Task item.
Output the lines of the records below exactly, beginning at their first line and ending at the line with "Samonavíjací upínací popruh"; include no pictures.

Dataset entries.

====================

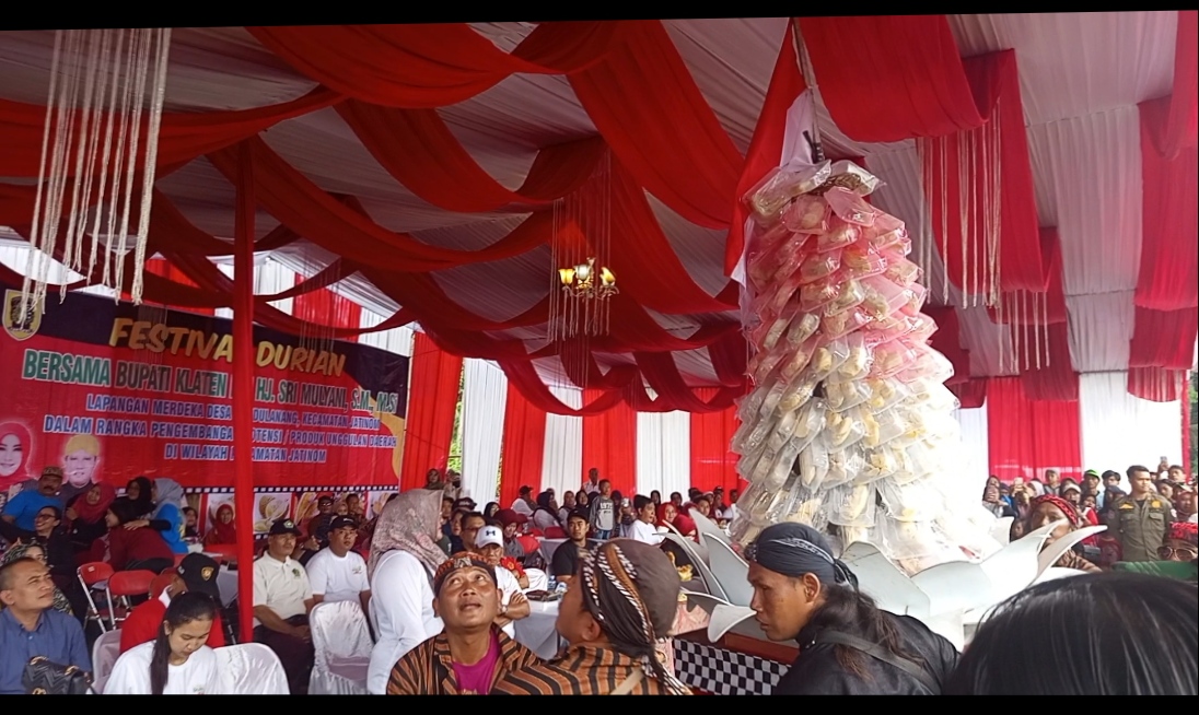 Gunungan yang yang berisikan durian kemudian di arak dinaikkan keatas panggung untuk dibagikan kepada warga masyarakat . Hadir dalam kegiatan tersebut Bupati Klaten Sri Mulyani S.M.M.Si yang memimpin acara dan membagikan gunungan durian kepada pengunjung yang sudah sedari tadi menunggu moment tersebut.
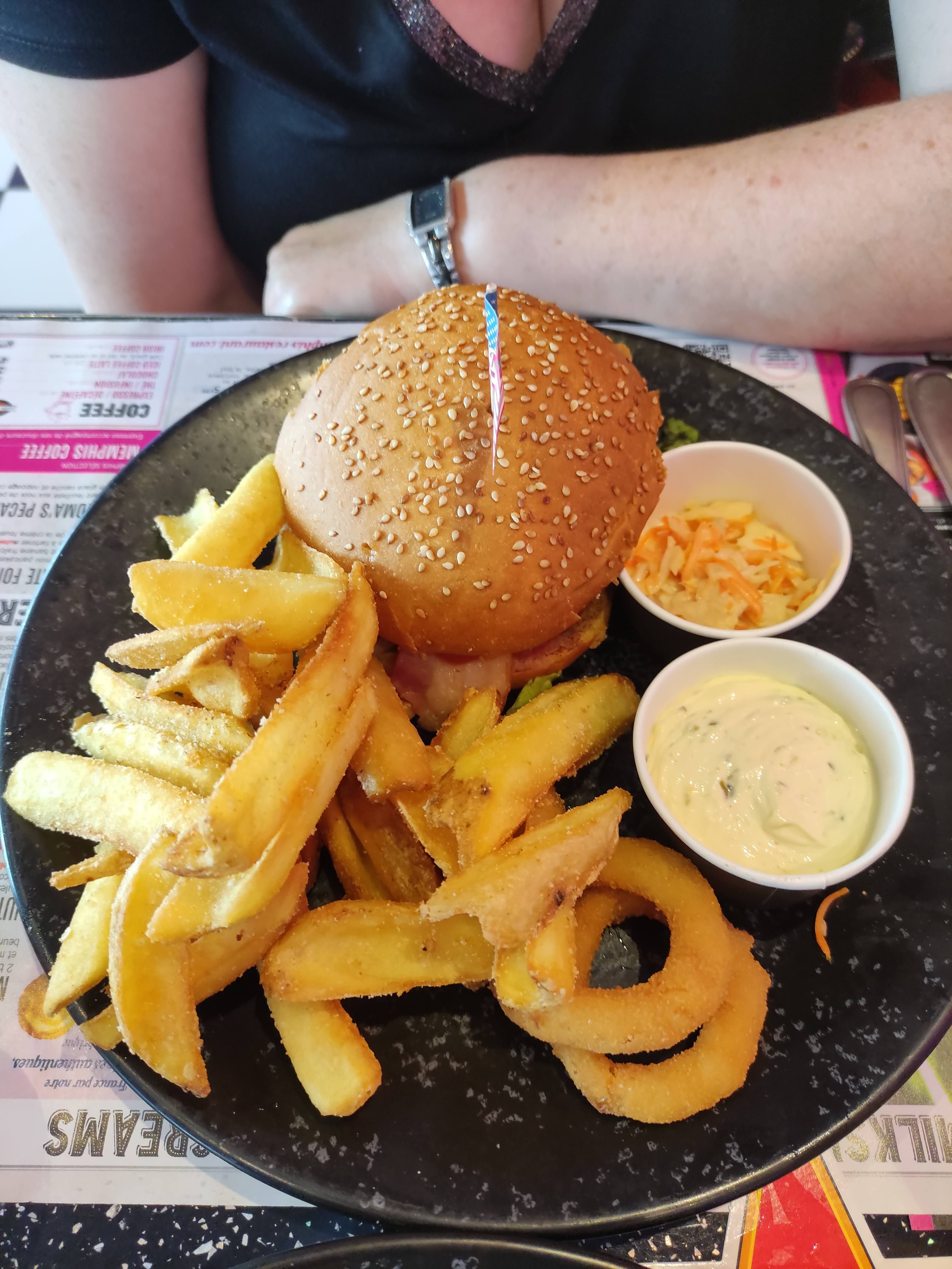 Burger sans goût ! j’ai choisi le sloopy joe mais je ne comprends pas leur concept du sloopy joe. À jamais répéter !! Personnel agressif et non souriant. Un service super slow. Genre demander dés l’arrivée si vous ne voulez pas de mourir de faim.
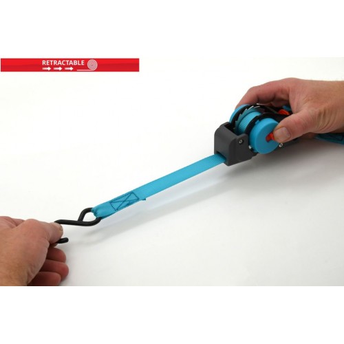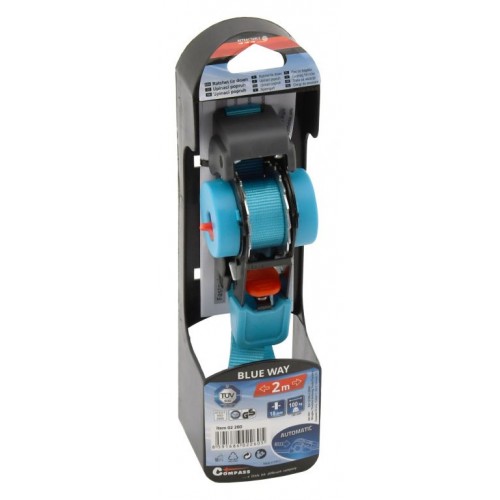 Samonavíjací upínací popruh na zabezpečenie predmetov, batožiny alebo nákladu. Na upnutie sa využíva celokovová račňa s istiacim mechanizmom. Račňa je navyše opatrená samonavíjaním, ktorý po stlačení tlačidla navíja späť popruh po celej dĺžke. Konce popruhov sú osadené kovovými hákmi s povrchom z tvrdeného plastu.
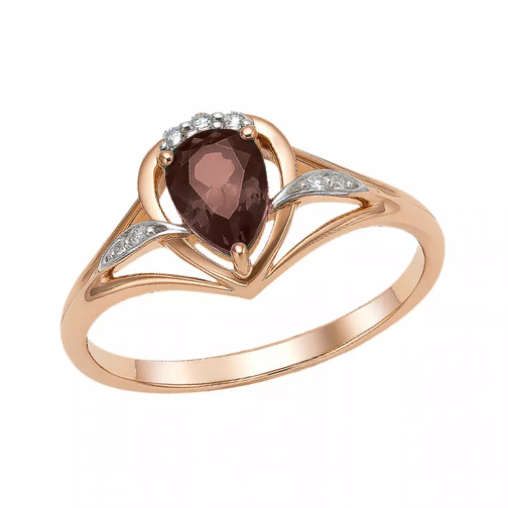 - Кольцо с гранатом и фианитом из золота
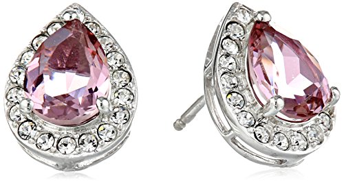 Sterling Silver Swarovski Rose Crystal and Clear Crystal Pear Stud Earrings
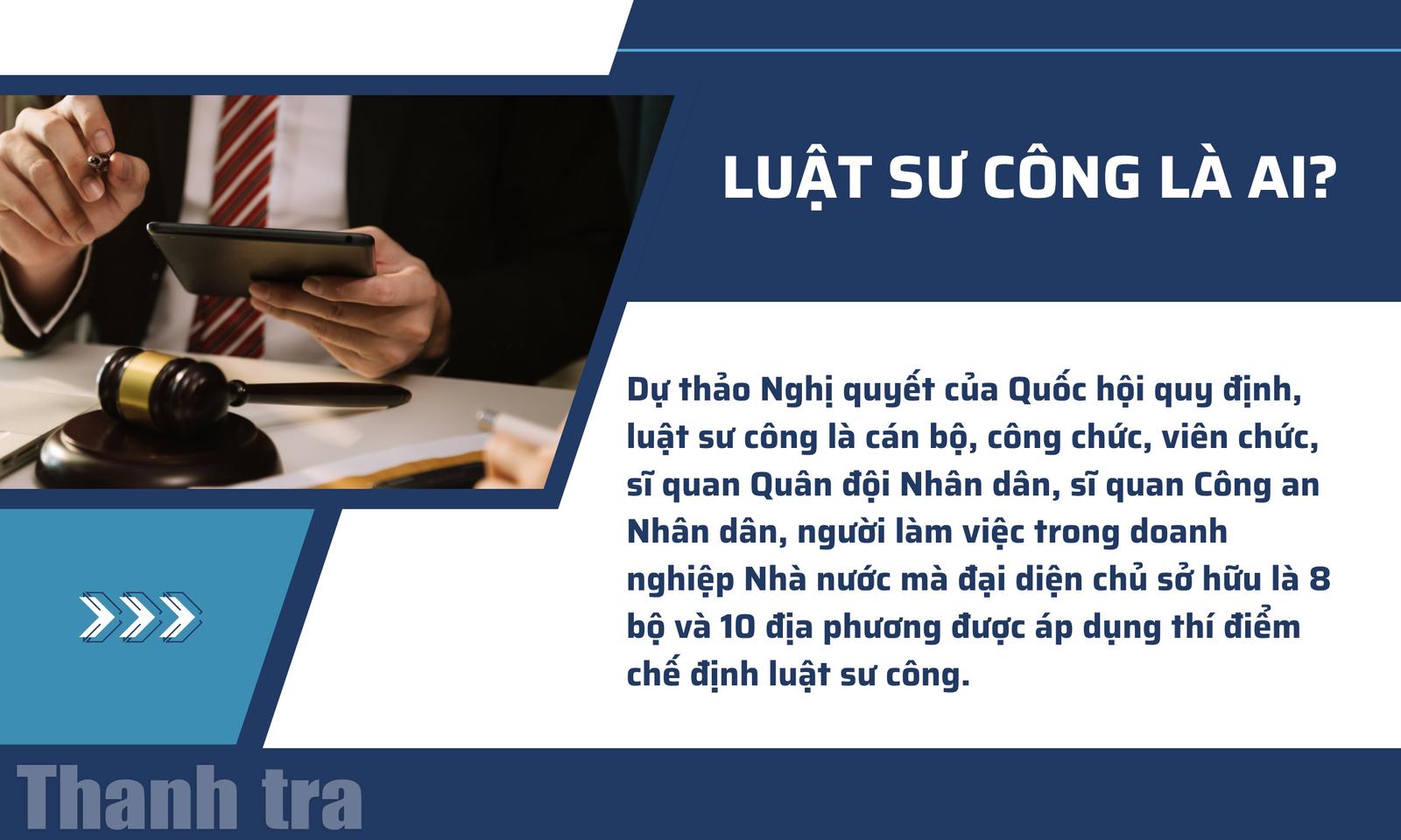 Dự thảo quy định, luật sư công là cán bộ, công chức, viên chức, sĩ quan Quân đội Nhân dân, sĩ quan Công an Nhân dân, người làm việc trong doanh nghiệp Nhà nước mà đại diện chủ sở hữu là 8 bộ và 10 địa phương nêu trên được cấp Chứng chỉ hành nghề luật sư để thực hiện các công việc có tính chất pháp lý nhằm bảo vệ quyền và lợi ích hợp pháp của cơ quan Nhà nước, cơ quan, tổ chức thuộc hệ thống chính trị, doanh nghiệp Nhà nước theo quy định của Nghị quyết này và quy định khác của pháp luật có liên quan. Tuy nhiên, luật sư công không bao gồm các viên chức đang thực hiện trợ giúp pháp lý.

====================

Result.
 Gunungan yang yang berisikan durian kemudian di arak dinaikkan keatas panggung untuk dibagikan kepada warga masyarakat . Hadir dalam kegiatan tersebut Bupati Klaten Sri Mulyani S.M.M.Si yang memimpin acara dan membagikan gunungan durian kepada pengunjung yang sudah sedari tadi menunggu moment tersebut.
 Burger sans goût ! j’ai choisi le sloopy joe mais je ne comprends pas leur concept du sloopy joe. À jamais répéter !! Personnel agressif et non souriant. Un service super slow. Genre demander dés l’arrivée si vous ne voulez pas de mourir de faim.
 Samonavíjací upínací popruh na zabezpečenie predmetov, batožiny alebo nákladu. Na upnutie sa využíva celokovová račňa s istiacim mechanizmom. Račňa je navyše opatrená samonavíjaním, ktorý po stlačení tlačidla navíja späť popruh po celej dĺžke. Konce popruhov sú osadené kovovými hákmi s povrchom z tvrdeného plastu.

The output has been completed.